Ho collaborato con i colleghi mediatori Claudio Sassi e Monica Galante; ognuno di noi ha portato le sue competenze e sensibilità. Più parlavo del progetto, più le persone intorno a me iniziavano a crederci e a offrirmi il loro sostegno. Compresa la direzione della scuola, la Divisione della formazione professionale e il Dipartimento dell’educazione, della cultura e dello sport (DECS). Vogliamo inoltre ringraziare tutti gli sponsor che ci hanno sostenuti, in particolare Radix, la Fondazione impiegati del commercio del Locarnese e il Percento culturale Migros. Senza dimenticare i relatori, che sono stati fantastici. 

Chi sono i relatori che sono stati coinvolti?
Persone con un’autentica predisposizione al dialogo. Figure accoglienti, capaci di stimolare gli studenti e le studentesse rispettando i loro tempi e i loro bisogni. Loro stessi sono stati felici di poter interagire con questa fascia d’età, intuendo quanto sia importante spronare i giovani. 

All’interno dell’ambito accademico come è andata?
La direzione scolastica ha aderito con entusiasmo a questa proposta e ciò ha permesso di coinvolgere le colleghe e i colleghi docenti. Anche loro hanno avuto l’opportunità di partecipare ad alcune attività di gruppo, oltre ad altre specificatamente a loro dedicate.

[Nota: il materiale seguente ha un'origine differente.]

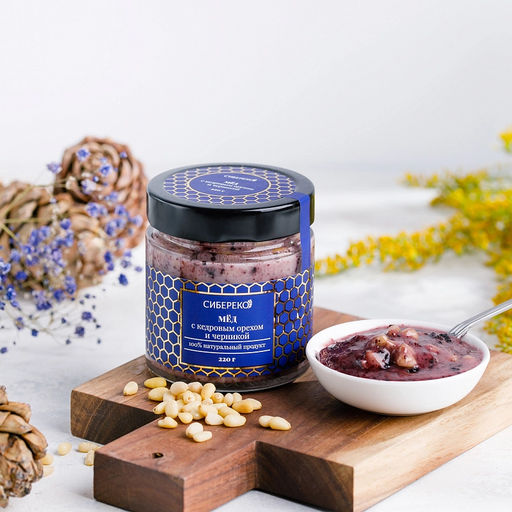 • Мёд с ядром кедрового ореха и черникой 220 г
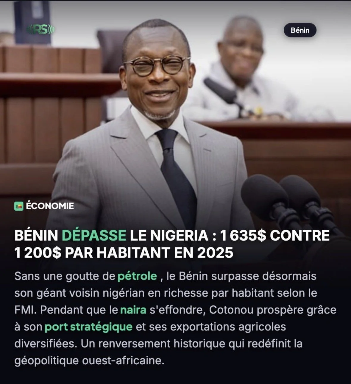 Le Bénin, dépasse le Nigéria : 1635$ contre 1200$ en 2025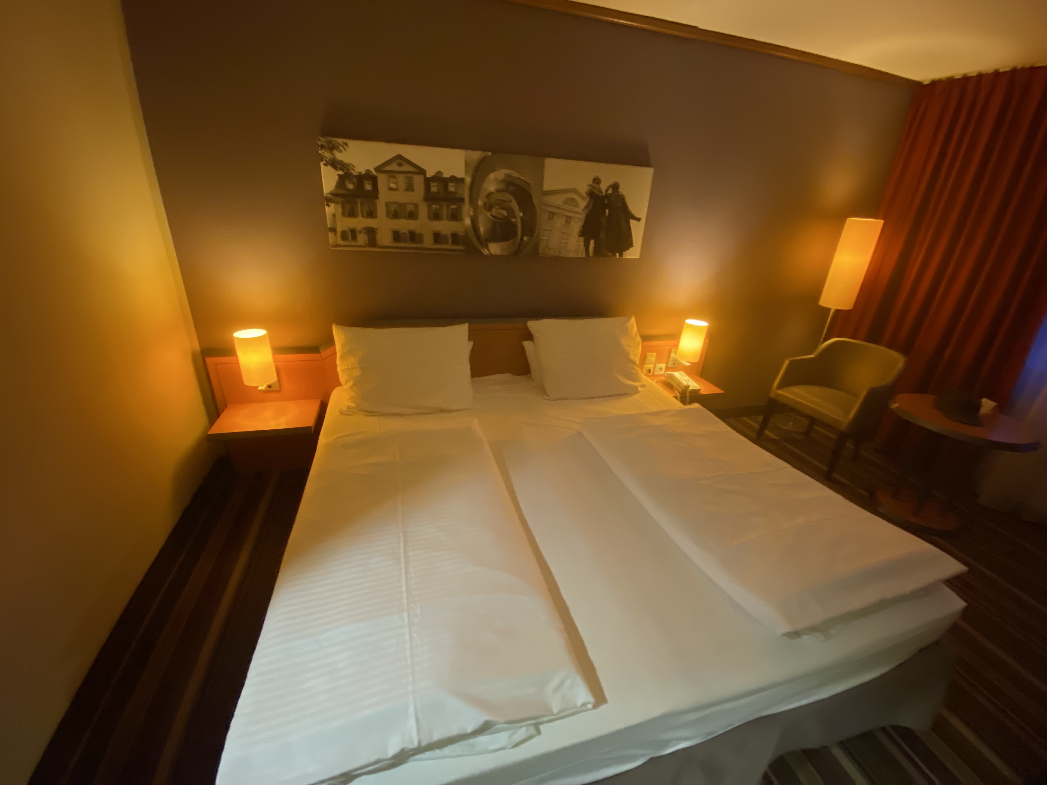 Stau in Dortmund, Gewitter und Regen vor Kassel, dann wieder schönstes On-the-Roasd-Wetter bis wir gegen halb zehn am Abend in der Wiege der Republik, der Stadt der Dichter und Denker im Hotel einchecken.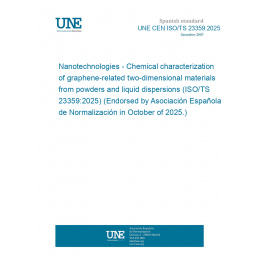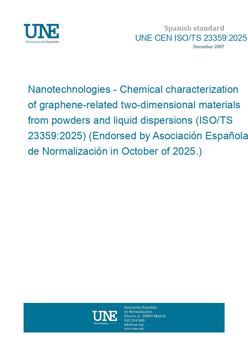 Nanotecnologías. Caracterización química de materiales bidimensionales relacionados con el grafeno a partir de polvos y dispersiones líquidas (ISO/TS 23359:2025) (Ratificada por la Asociación Española de Normalización en octubre de 2025.)
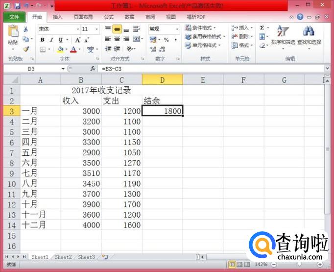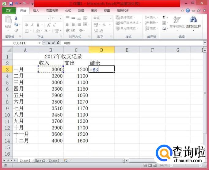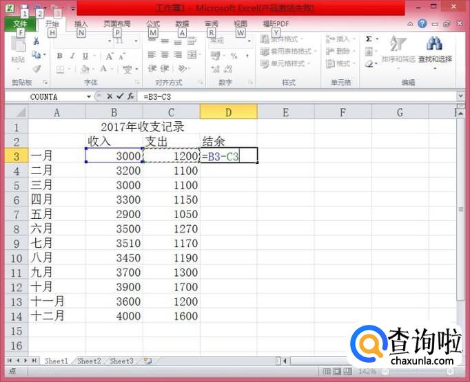 在继续用鼠标点击C3单元格,此时,D3单元格的内容为“=B3-C3"
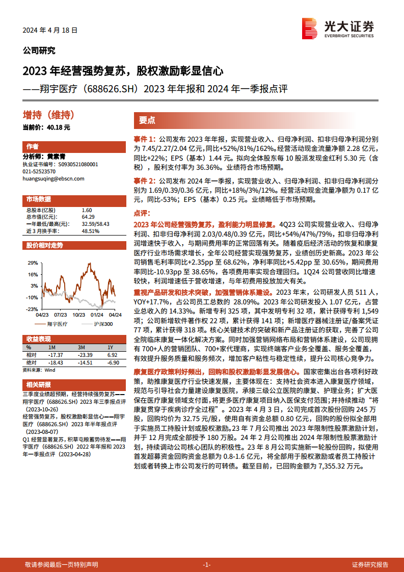 翔宇医疗(688626)2023年年报和2024年一季报点评:2023年经营强势复苏,股权激励彰显信心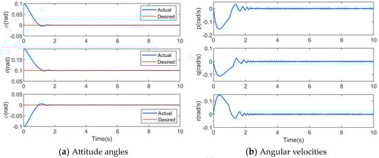 As shown in Figure 8a, the dashed and solid lines represent the desired and actual attitude angles, respectively. The convergence times of attitude angles in three directions (roll, pitch, and yaw) are 1.8 s, 2.1 s, and 1.8 s, respectively, from the initial value to the desired value. This indicates that the quadrotor attitude can be regulated into the desired attitude using the SMC algorithm, in the presence of disturbances.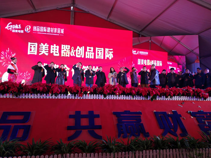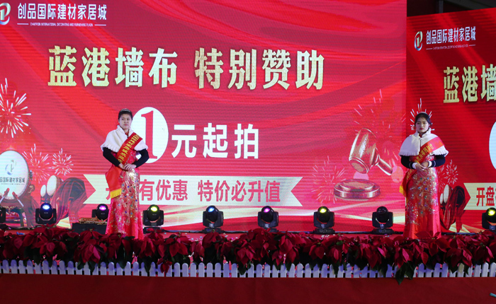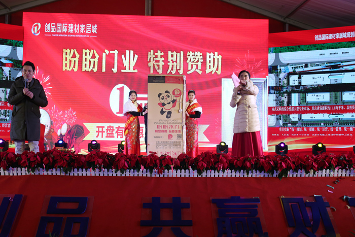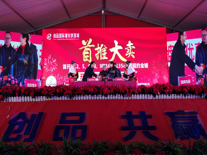 開盤儀式隨著創品國際董事長陳春平先生敲響銅鑼聲中宣布創品國際建材家居城正式開盤。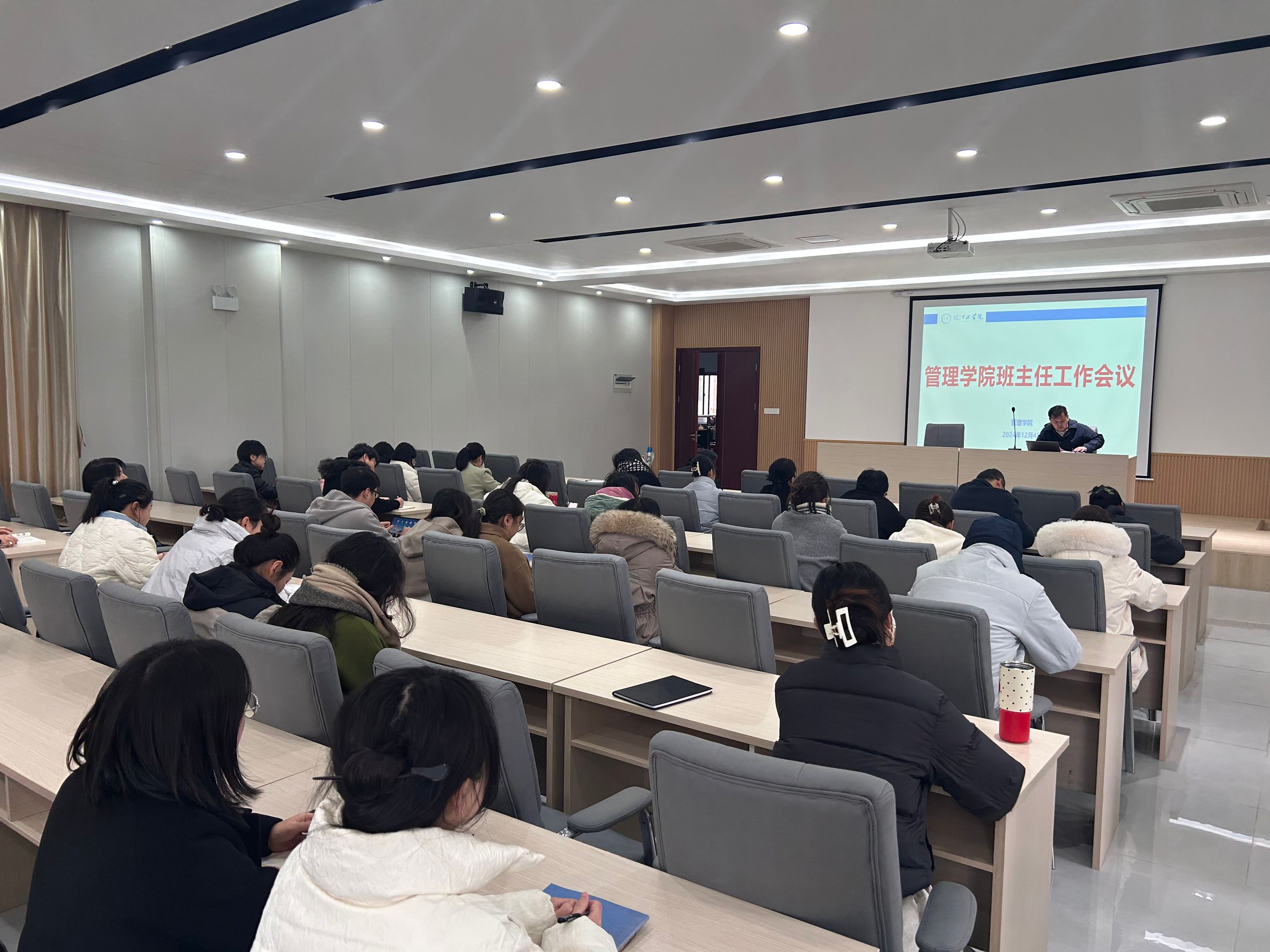 为进一步加强和改进班主任队伍建设,提升班级管理与学生教育工作质量,促进班主任之间经验交流与分享,共同探索新时代教育背景下学生全面发展的新路径,12月4日13:00,管理学院在弘毅楼209召开2024年期末班主任工作会议。学院党总支书记宋洪生、党总支副书记冯康、全体班主任老师参加会议。会议由冯康主持。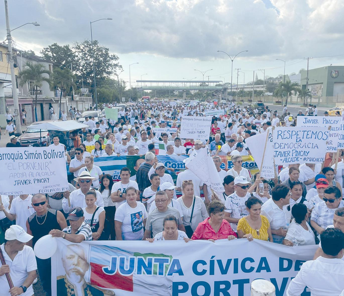 La Junta Cívica del Pueblo lidero una marcha en apoyo al alcalde de Portoviejo, Javier Pincay, quien fue sancionado por el Tribunal Contencioso Electoral (TCE).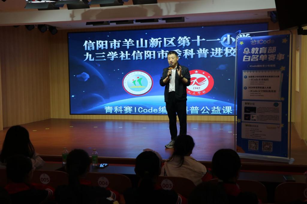 2025年4月,在信阳市第十三小学的教室内,郑承轶举办了一场别开生面的编程语言科普讲座,带领学生们探索了语言与思维的奥秘。通过多媒体演示和互动问答,他将抽象的科学原理转化为生动的故事,激发了孩子们的求知欲。这样的场景,是他数年来致力于科普教育的缩影。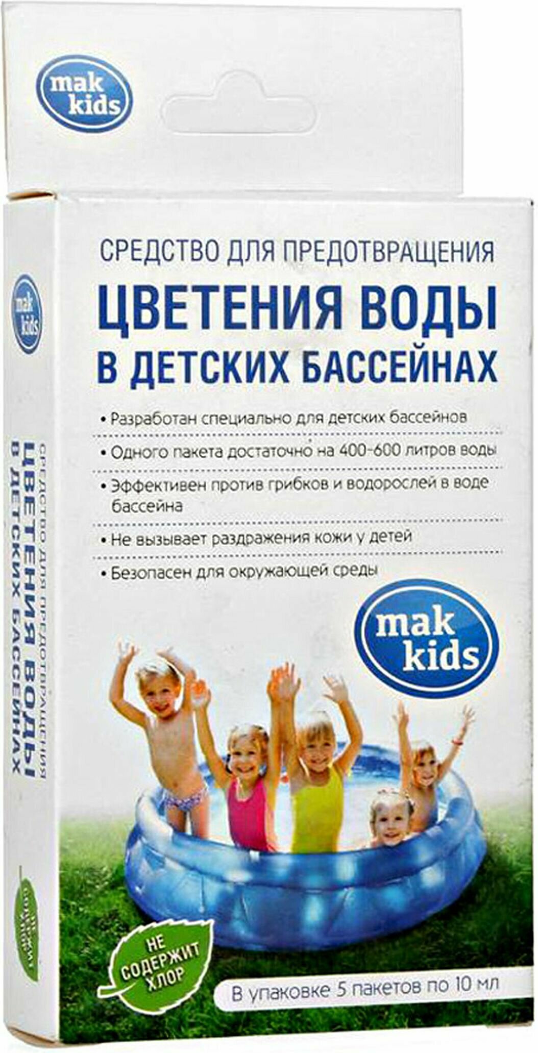 Мультифункциональный препарат MAK KIDS 10433 для детских бассейнов, не содержит хлора, 5 пакетов по 10 мл.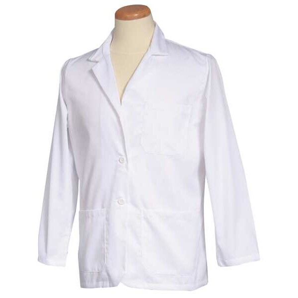 Consultation Jacket, Gender Men's, Style Consultation Jacket, Material 35 Percent Combed Cotton Poplin, 65 Percent Polyester, Fabric Weight 5 oz, Front Closure Type Buttons, Number of Outside Pockets 2, Number of Inside Pockets 2, Color White, Length 30 in, Maximum Chest Size 51 1/4 in, Size L, Features Left Breast Pocket, Includes Two Lower Pockets, Two Inside Pockets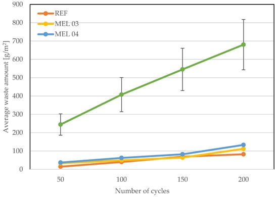 Comparison of overall average waste after a number of individual cycles for the REF, MEL 03, and MEL 04 mixtures.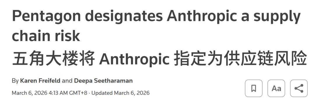 代价是惨重的——特朗普直接下令所有联邦机构停用 Anthropic 的技术,国防部把 Anthropic 列为「供应链风险」。

Qual è il messaggio più importante di questo progetto?
Dobbiamo andare oltre i ruoli e gli schemi tradizionali. Noi insegnanti siamo i primi a doverci mettere in discussione e in gioco per dare l’esempio. Solo così i ragazzi e le ragazze si sentiranno liberi di aprirsi e dialogare. L’adulto ha la responsabilità di offrire opportunità di crescita ai giovani; ne hanno bisogno. E come ha detto una ragazza alla fine delle tre giornate: “Da cosa nasce cosa”.